# LaTEX2rtf et X11 ?



## Antiphon (2 Octobre 2004)

Bonjour,

J'ai besoin d'utiliser LaTEX2rtf, parce qu'on me réclame un article en .doc et qu'il est donc pour le moment en .pdf... Comment puis-je faire fonctionner cela sous Mac OS X ? Avec X11 ? Je suis perdu et c'est assez pressé... Merci pour votre aide !

Antiphon


----------



## iMatthieu (2 Octobre 2004)

Hello,

J'ai jamais utilisé LaTEX, mais voici deux articles en français sur son installation et utilisation :

http://www.xrings.net/xrings/article.php3?id_article=0274
http://www.xrings.net/xrings/article.php3?id_article=0276

Good luck !


----------



## Antiphon (2 Octobre 2004)

Merci pour la réponse, mais je ne suis pas sûr que l'installation passe par Latex (que je commence à maîtriser sérieusement), mais par x11 ou le Terminal... Seulement, je n'y connais rien...  Bon, la solution que j'ai trouvée, c'est d'installer un environnement Classic dans Mac OS X, et de télécharger la version Mac OS 9 de LaTEX2rtf.

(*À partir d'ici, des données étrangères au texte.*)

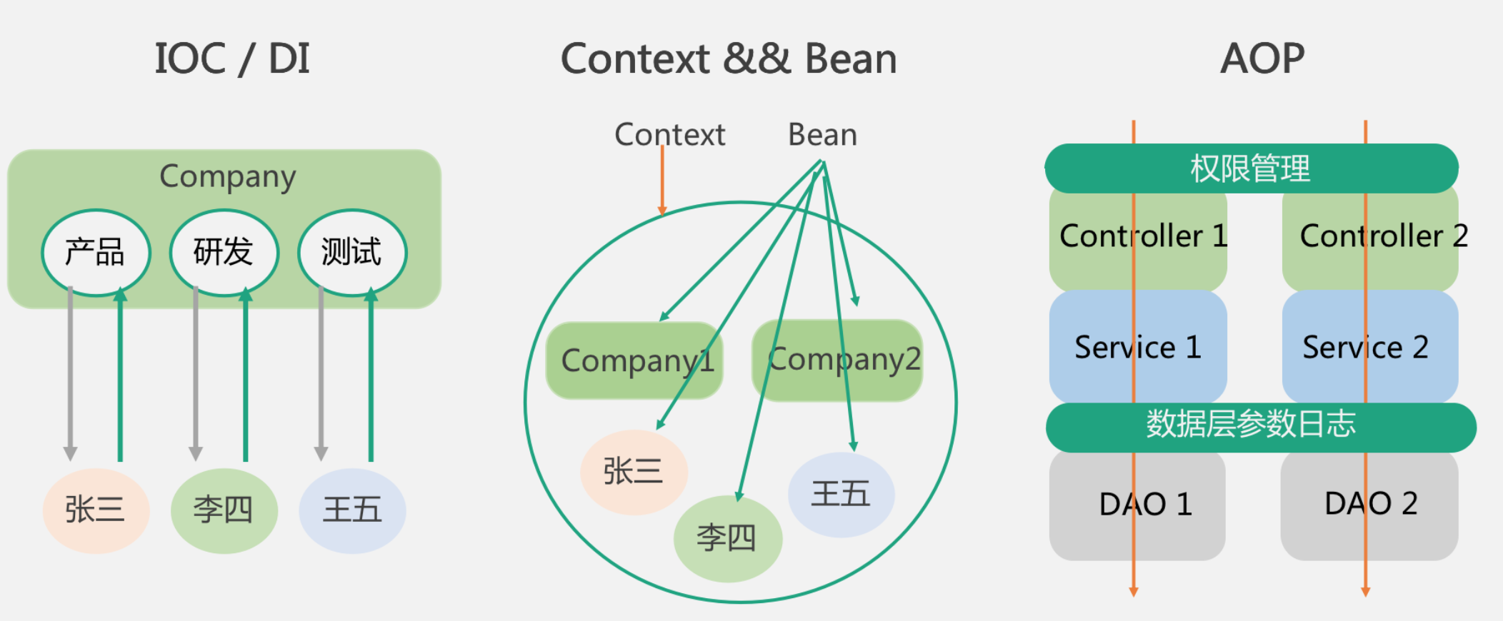 如中间图所示,所有被spring管理的、由spring创建的、用于依赖注入的对象,就叫做一个bean。Spring创建并完成依赖注入后,所有bean统一放在一个叫做context的上下文中进行管理。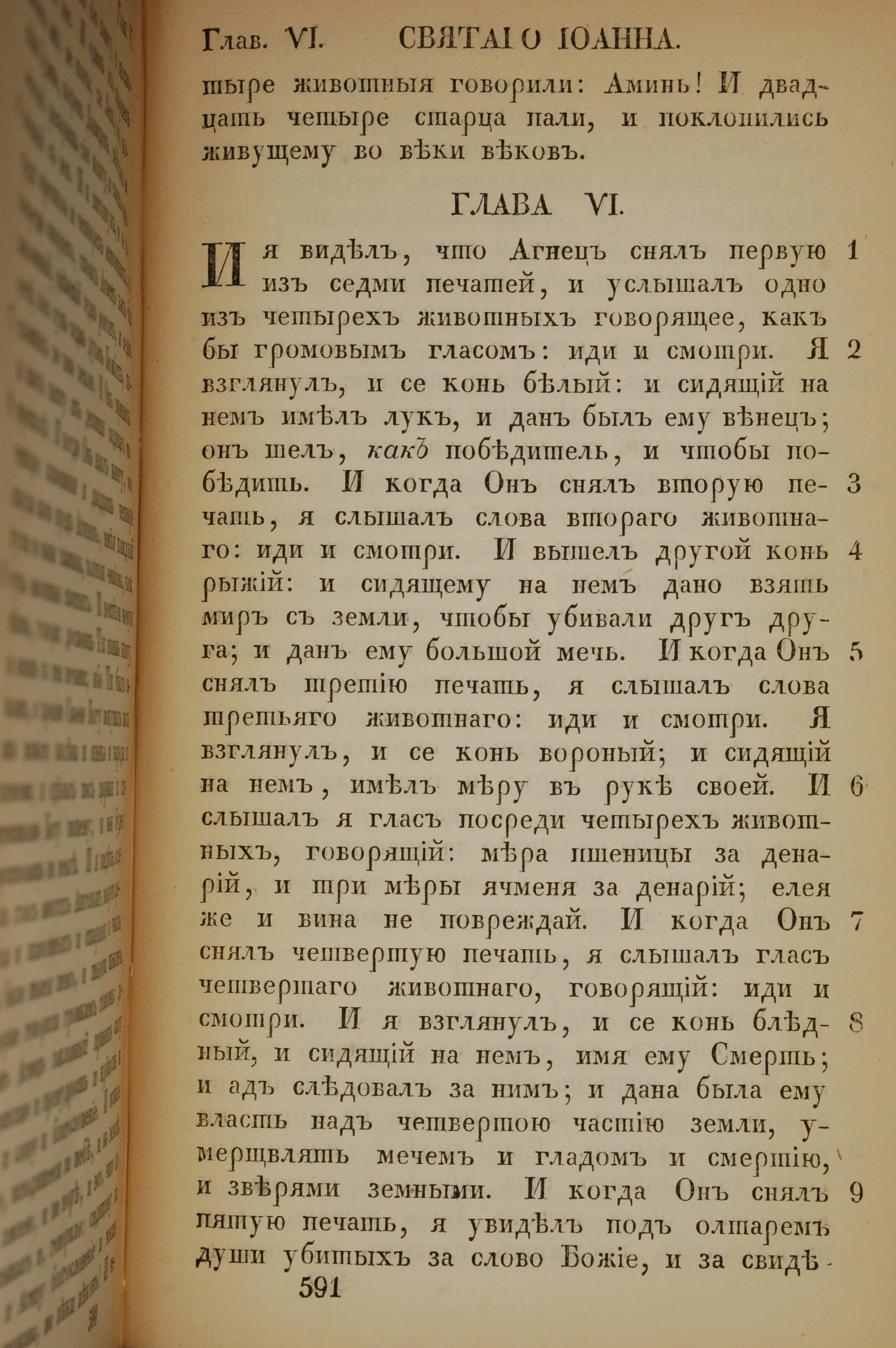 1855年俄文新約全書 啟示錄 6 章 1 節到 6 章 9 節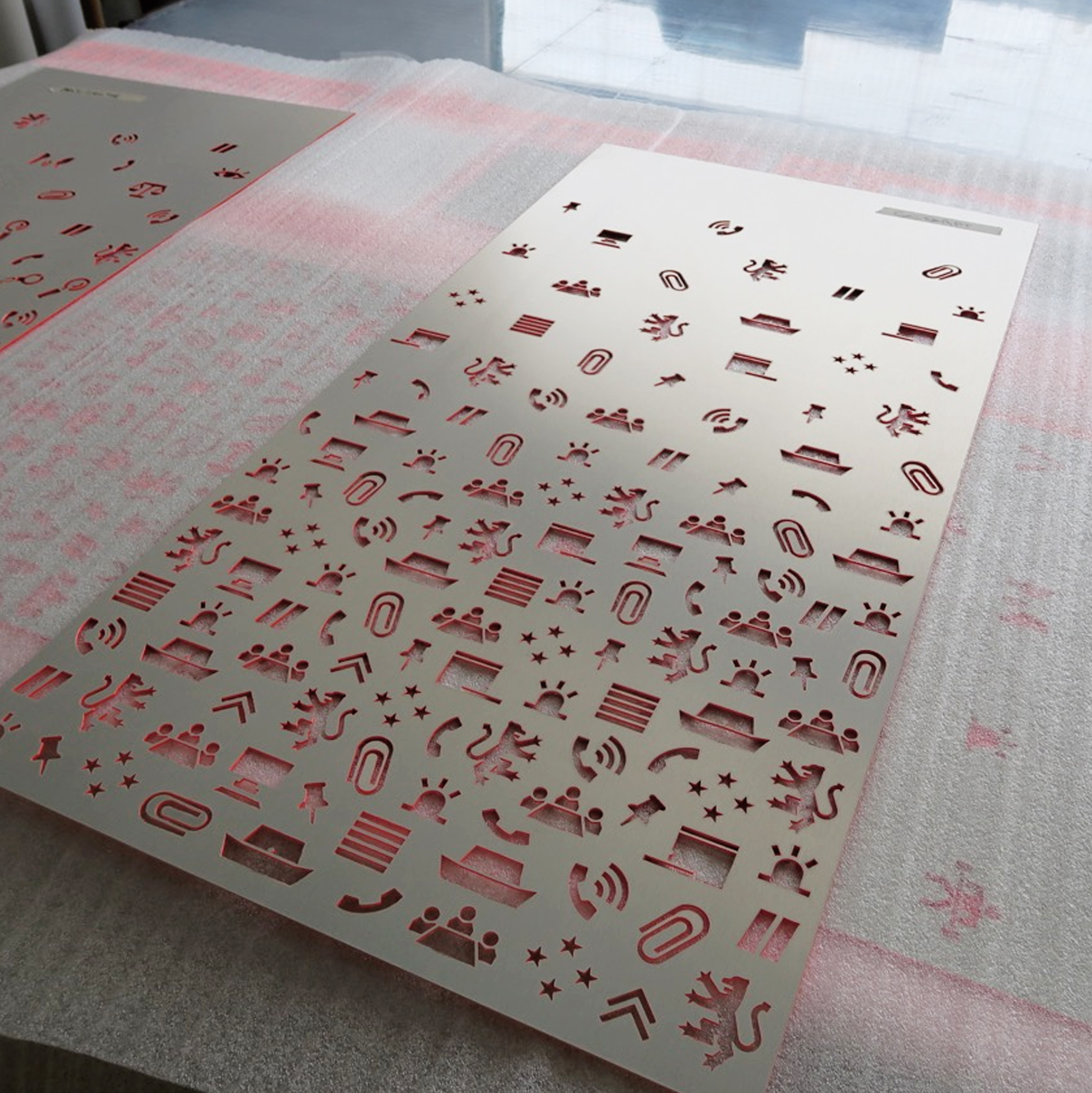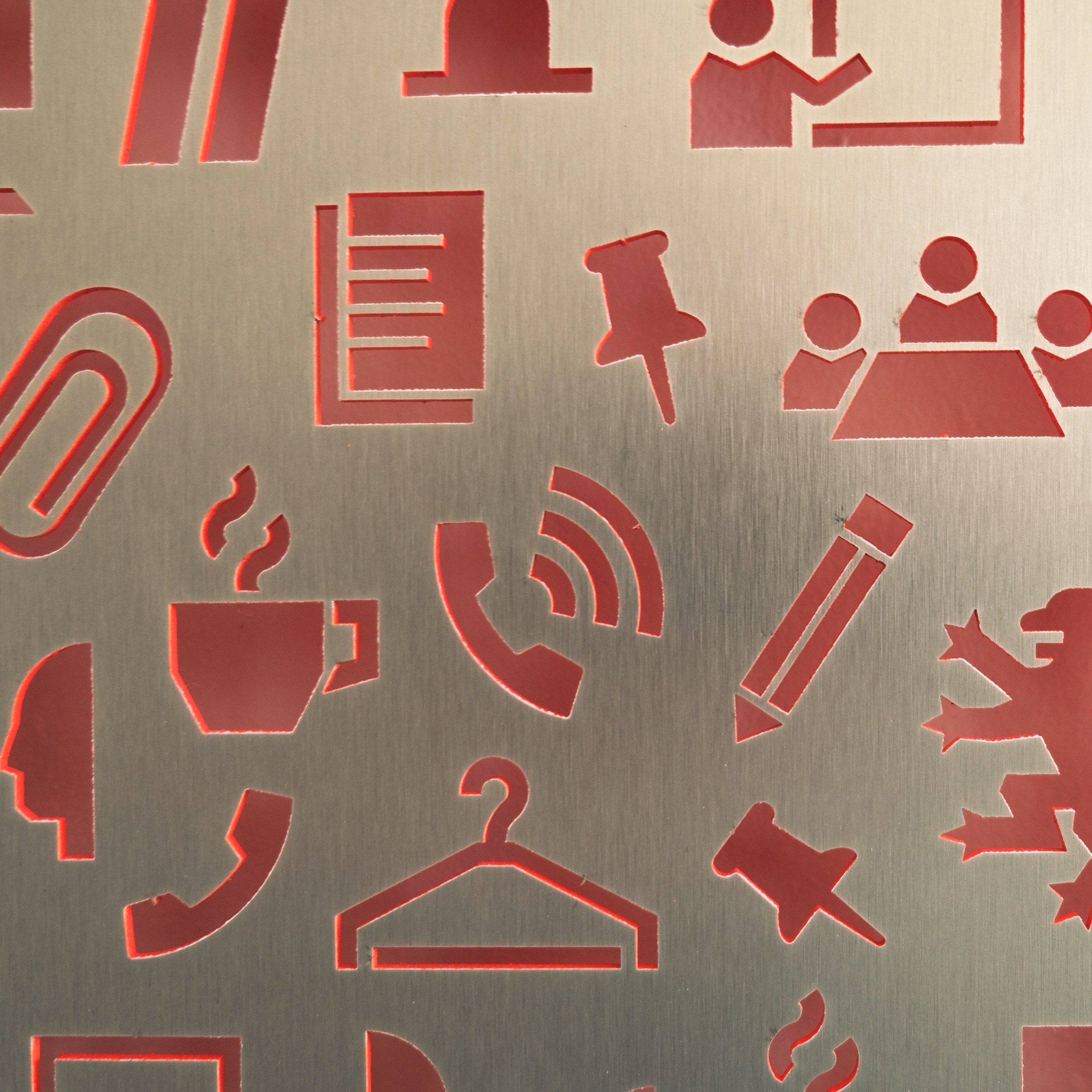 Le système de signalétique a été conçu dans le cadre d’un projet 1% artistique pour le nouveau quartier de la Gendarmerie à Arras. Les lames verticales en acier inoxydable, découpées au laser, qui se déploient sur la façade et la toiture, ainsi que le rythme qu’elles instaurent, confèrent au bâtiment son identité graphique.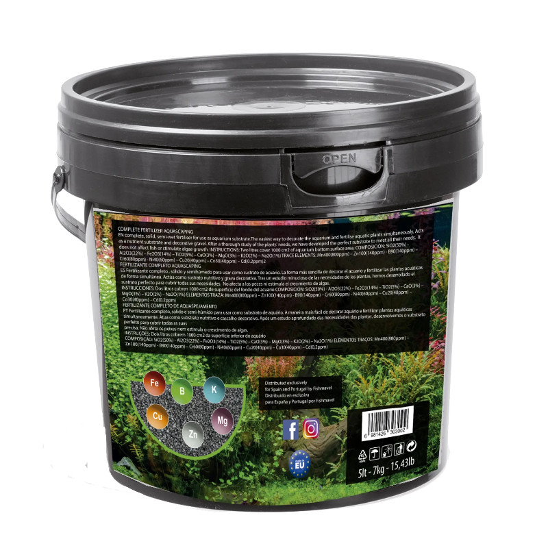 Sustrato granulado que provee a las plantas de oligoelementos que estimulan el crecimiento radicular. Su liberación lenta permite estar disponible en el medio acuático, asegurando una CIC perfecta para una mejor retención de nutrientes evitando que se pierdan durante los cambios de agua. Su estructura porosa, mantiene el fondo ventilado y evita la formación de zonas anóxicas. Al tratrarse de un sustrato poroso favorece la presencia de BACTERIAS BENEFICIOSAS Y EL CRECIMIENTO DE LAS RAÍCES EN LAS PLANTAS. No altera la dureza temporal y mantiene el pH estable.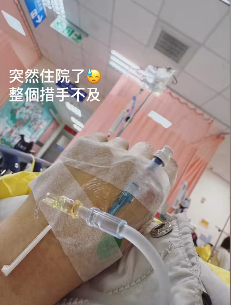 根據《民視新聞》報導,柯以柔無預警宣布工作喊卡,坦言19日緊急住院,吊點滴的照片也跟著曝光。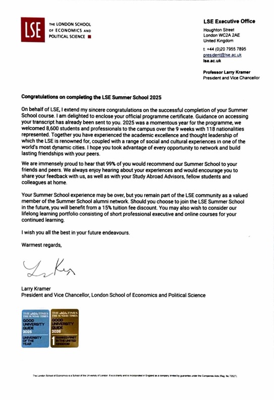 I’m excited to announce that I’ve earned a certificate from the London School of Economics and Political Science Summer School 2025.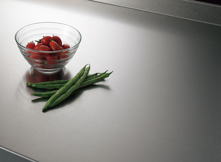 表面を研磨して微妙なスクラッチを施したバイブレーション仕上げ。シルクのように柔らかな光沢と温かみを感じさせるエレガントなデザインのトップです。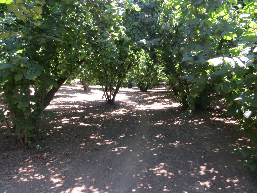 wir lassen den Wald hinter uns und endlose Haselnussplantagen tauchen vor uns auf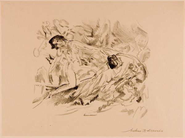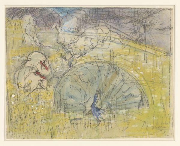 Editor: This drawing is called "Leda and the Swan" by Odilon Redon. The materials seem to be primarily watercolor and drawing media on paper. I find the depiction quite unsettling; the blending of human and animal form and the loose brushstrokes give a sense of unease. What stands out to you? Curator: Considering Redon's social milieu, this piece can be seen as a reflection of the industrial era's impact on traditional myths. How the materials—the fluidity of watercolor, the directness of drawing—are used to depict this violent encounter points to a critical engagement with the changing perception of beauty, desire, and power in the late 19th century. Do you think the haziness of the technique softens the mythological violence, or perhaps obscures and transforms it? Editor: That's a really interesting point. It makes me think about how the choice of these materials - drawing and watercolor, often associated with preparatory sketches or less "serious" art forms - might be challenging the traditional hierarchies of artistic production. But, looking closely, does this focus on process almost excuse the depiction of sexual assault in the image? Curator: The application of water-based media does not diminish this reality. Rather, by using such fleeting and delicate media, Redon intensifies the disquiet by rendering Leda vulnerable within a scene marked both with immediacy and spontaneity. He’s inviting us to contemplate the commodification and aestheticization of these themes and images in his contemporary moment. Editor: I hadn't considered that perspective. Seeing the work through a materialist lens reveals these fascinating questions of process, artistic value, and its cultural meanings. It gives me a whole new appreciation of how technique can shape our understanding. Curator: Absolutely. Thinking about the artist’s process, the material choices, and the artwork's engagement with societal anxieties truly enhances our understanding of works like this.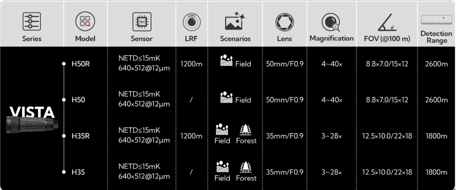 Equipado con un sensor superior y un LRF integrado, Vista ofrece un rendimiento de primer nivel en la industria.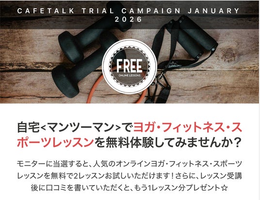 世界92カ国以上の講師と140カ国以上の生徒をつなぐ日本最大級オンライン習い事サイト「カフェトーク(https://cafetalk.com/ )」を運営する株式会社スモールブリッジ(本社:東京都渋谷区、代表取締役:橋爪小太郎)は、2026年1月、ヨガ・フィットネスカテゴリを対象とした「特大モニターキャンペーン」を実施いたします。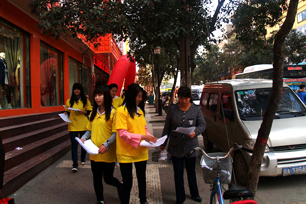 早上九点,学生会各部部长及部员在五号教学楼门前集合完毕,在团总支副书记焦亮、学生会主席董阳的带领下走出校园,开始了低碳环保的公益宣传活动。活动中,志愿者们向市民发放“低碳生活”的宣传材料,并向大家宣传低碳的生活方式和消费方式,还为居民讲解了节约用水、用电、用纸的小窍门和垃圾减量、垃圾分类的知识,经过两个多小时,活动圆满结束。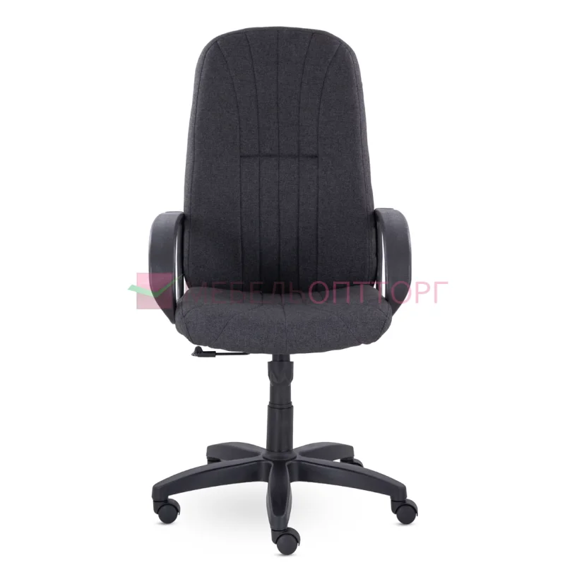 Кресло руководителя с мягкими увеличенными подушками. Широкая эргономичная спинка и глубокое сидение разделены на две части горизонтальной прострочкой. Удобные пластиковые подлокотники способствуют комфортной посадке в кресле.

Là, cela marche très bien, mais c'est moins confortable que si nous avions directement cela sous OS X... Si quelqu'un comprend ce qui faut faire, je suis toujours preneur...


----------



## iMatthieu (2 Octobre 2004)

T'as essayé de suivre l'article que je t'ai donné ? 

D'après ce que j'ai lu, il faut télécharger un truc appelé i-installer et ensuite tout se fait via cette app... D'ailleurs tout est expliqué pas à pas sur le site... Ils ne disent pas qu'il faut x11... Sinon je crois que tu peux aussi l'installer par fink mais c'est plus compliqué..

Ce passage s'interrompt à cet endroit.